А хоть бы и так, но глубину моего раскаянья это отнюдь не умаляет, продолжал распинаться Баев. Блин, не сбивай меня. Я за эти три недели поседел как лунь, приезжай, увидишь, специально для тебя посыплю голову пеплом, три пепельницы уже накурил, четвертая скоро будет. Чуть с катушек не слетел, такая напряженная мысль у меня была. Слушай же, о неприступная, что я придумал.
Ты типа в отпуске была, а мы с Петькой тебя типа на вокзале встречаем, идет? С оркестром, с музычкой полковой и охапками цветов. Я на всякий случай изучил расписаньице, и вот что получается — первая дневная электричка уходит от вас в 12–17. Значит ровно в 13–10 мы с Петей на вокзале, у головного вагона, а ты такая выплываешь — с чемоданчиком, шляпной картонкой и маленькой собачонкой. Паровоз дает гудок, клубы пара, поцелуи, главные герои скрываются от назойливых глаз и надпись во весь экран — хеппи энд. Как тебе планчик?
И не забудь — первого сентября учебники получать, и никто, кроме меня, с доставкой на дом не справится. У вас на психфаке таких мальчиков нет, я хорошо изучил вопрос. Они могут поднять от силы две книжки и то сразу надорвутся. Аська, я больше не могу, приезжай. Трамвай куплю, как обещал, пока что игрушечный, а там посмотрим. Приедешь?
* * *
30.08
Здравствуй, мой зелененький дружочек.
Ты наверняка обижен, ведь я бросила тебя в ДАСе, с этими ужасными тетками!.. Я же не знала, что они совершат интервенцию и осквернят нашу комнату. Надеюсь, они тебя не тронули, но ни о чем не спрашиваю, ни о чем. Спешу поделиться свежими новостями — сегодня их есть у меня.

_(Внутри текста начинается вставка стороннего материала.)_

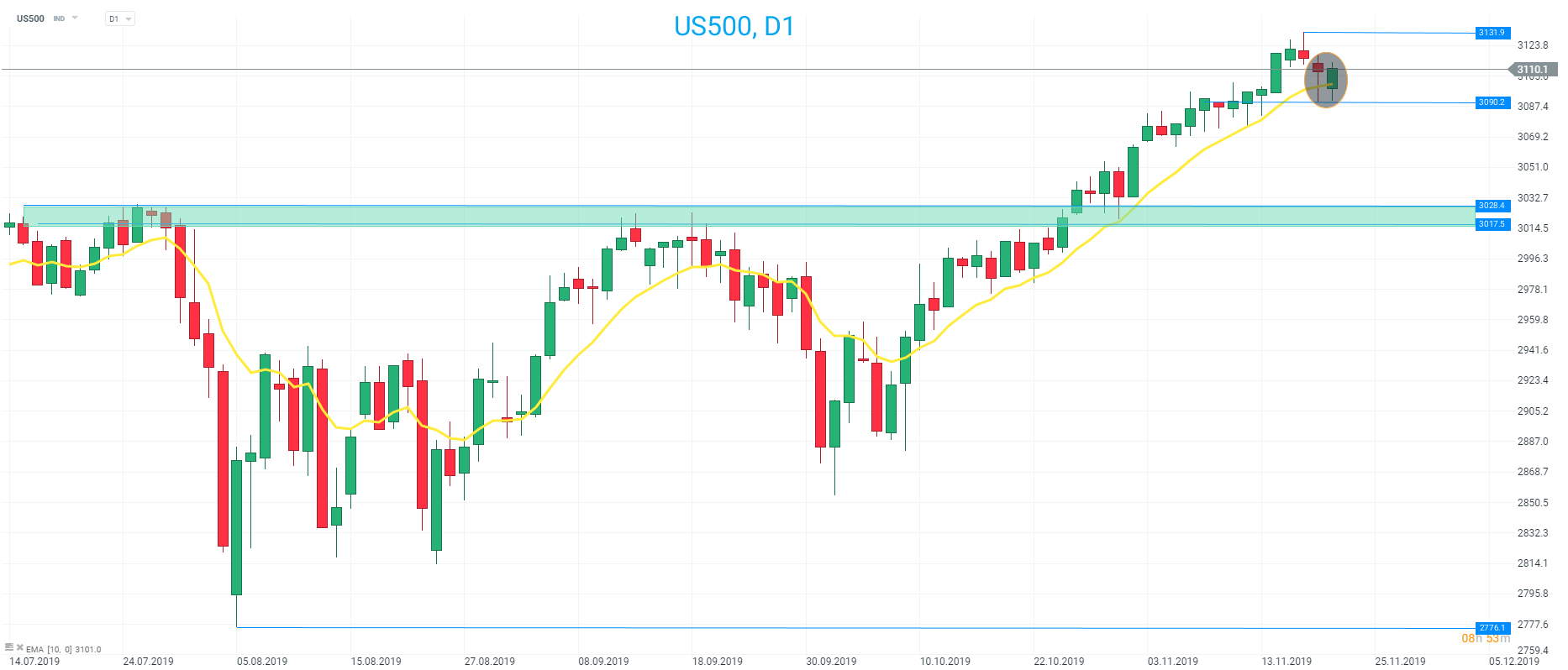 Las caídas recientes a los 3090 puntos se han comprado en el S&P500 y el mercado ha logrado mantener su increíble racha de cierres por encima de la EMA de 10 días. Ahora son 30 sesiones consecutivas que han terminado por encima de la EMA de 10 días (línea amarilla). ¿Hoy cumplirá 31 días? Fuente: xStation
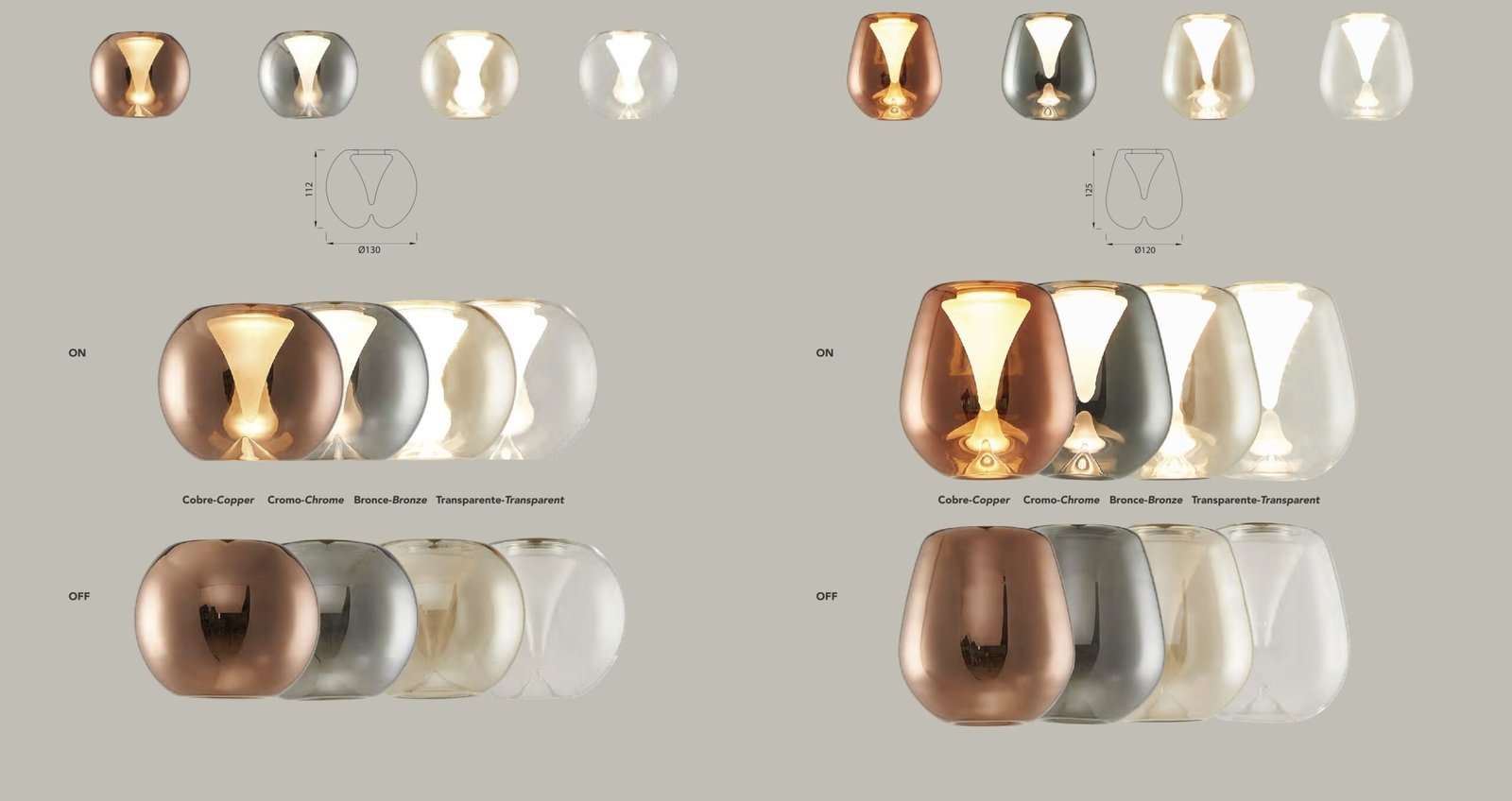 8 modelos de tulipas con formas elegantes y acabados exclusivos.
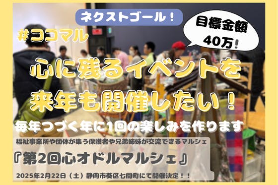【ネクストゴール】 『心オドルマルシェ』を来年も計画して、毎年続く、子どもたちが毎年楽しみになるイベントを開催していきたいです。 第2回心オドルマルシェは令...
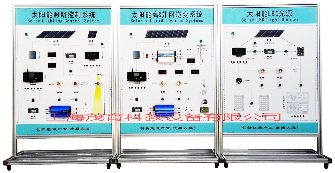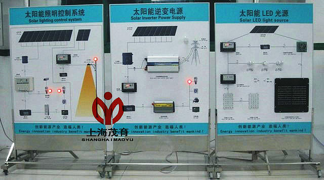 三、光伏發電係統集成教學演示係統,光伏發電係統集成教學演示裝置,光(guāng)伏發(fā)電係統集成(chéng)教學演示設備太陽能LED光源係統變換過程演示:
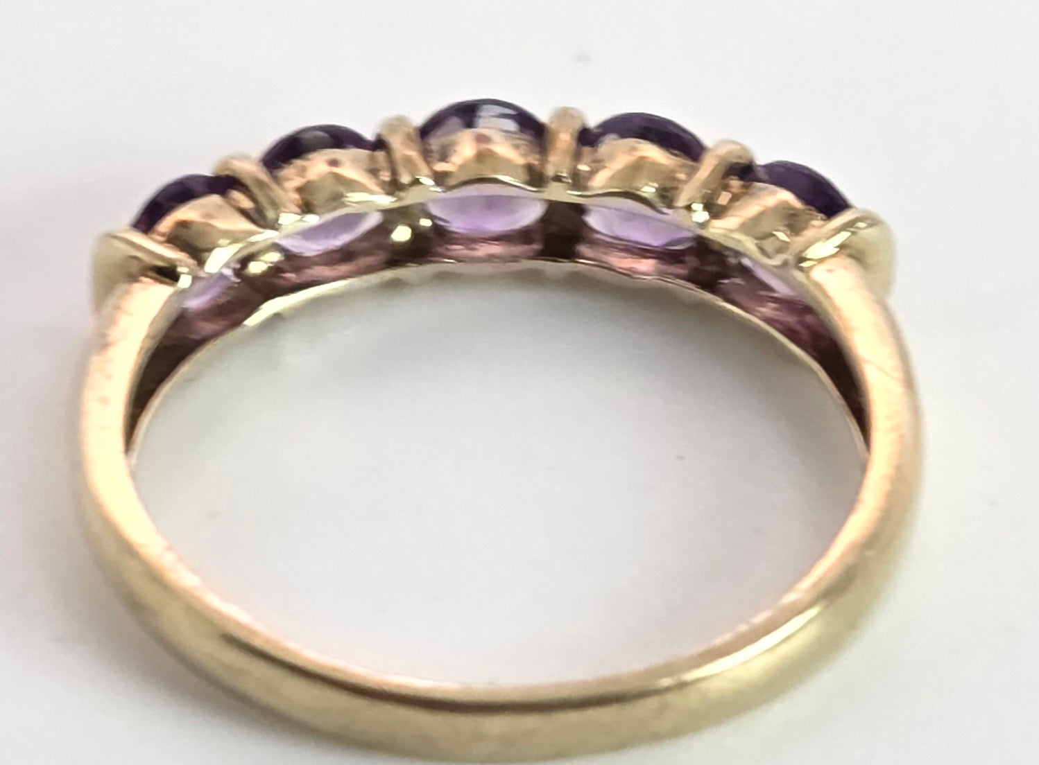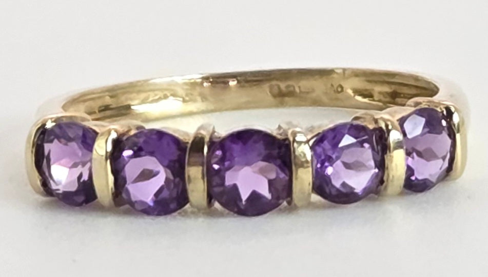 2548: Vintage: 9ct Gold 5 Lilac Amethysts Dress/Stacker Ring
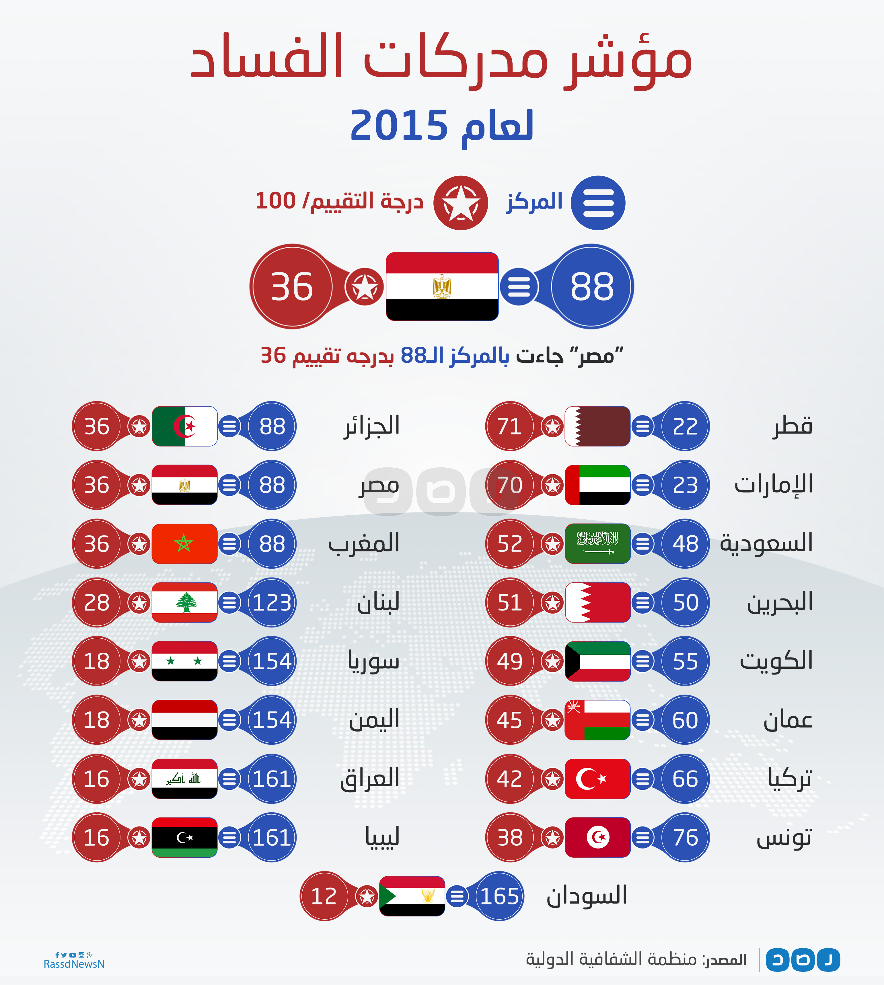 أظهر مؤشر الفساد العالمي، الصادر عن منظمة “الشفافية الدولية”، وقوع مصر بالمرتبة الـ88، من بين 168 دولة على مستوى العالم، إذ احتلت المركز الأول دولة الدنمارك بدرجة تقييم 91 من 100 بمؤشر الـcpi 2015.
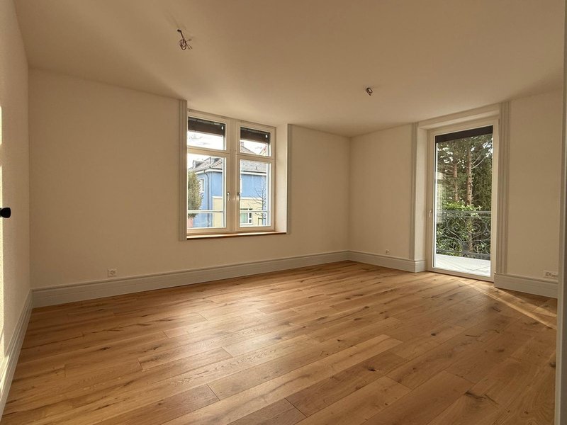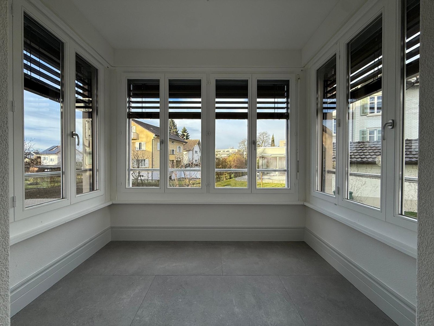 Der grosszügige Wohnbereich mit edlem Eichenparkett und viel Tageslicht schafft eine warme, stilvolle Atmosphäre. Der Wintergarten erweitert den Wohnraum und wird schnell zum Lieblingsplatz – perfekt als Essbereich, Home-Office oder Rückzugsort.
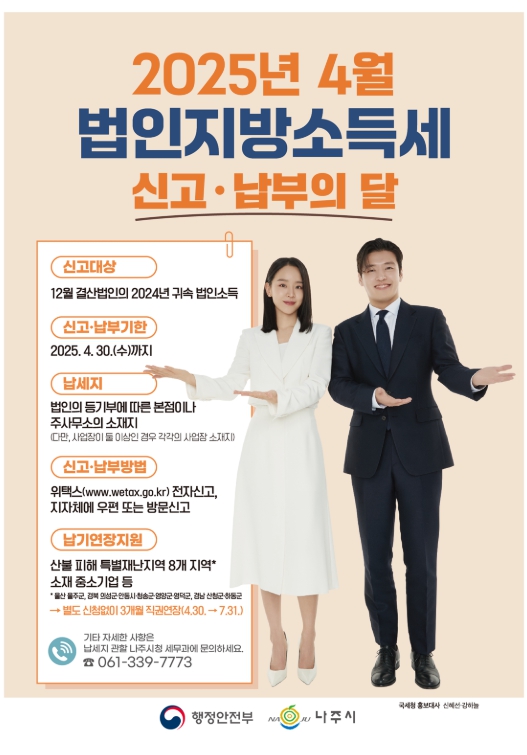 법인은 사업연도 종료일로부터 4개월 이내인 오는 30일까지 관할 자치단체에 과세표준 및 세액신고서, 기타 첨부서류를 제출하고 법인지방소득세를 납부해야 한다. 세액이 100만 원을 초과하면 중소기업은 최대 2개월, 일반 법인은 1개월까지 분할납부가 가능하다.

Подборка газетных сенсаций, на первой полосе Петя в трусах и в майке. Интригует?
Еще как интригует. Жизнь пошла какая-то полосатая и чудесатая. На той неделе мы были несчастные и бездомные, а теперь — обладатели пятиместного матраса и кадки с лопухами. Комната огромная, в ней можно устроить бальную залу или конюшню (как выйдет), а в аппендиксе гардероб. Оказывается, если отселить соседей, снести шкафы и разобрать по винтикам кровати, тут столько места!.. Баев обещал завхозихе восстановить ДАСовский интерьер по первому же требованию. Она была очень недовольна, что мы все устроили по-своему, но смирилась.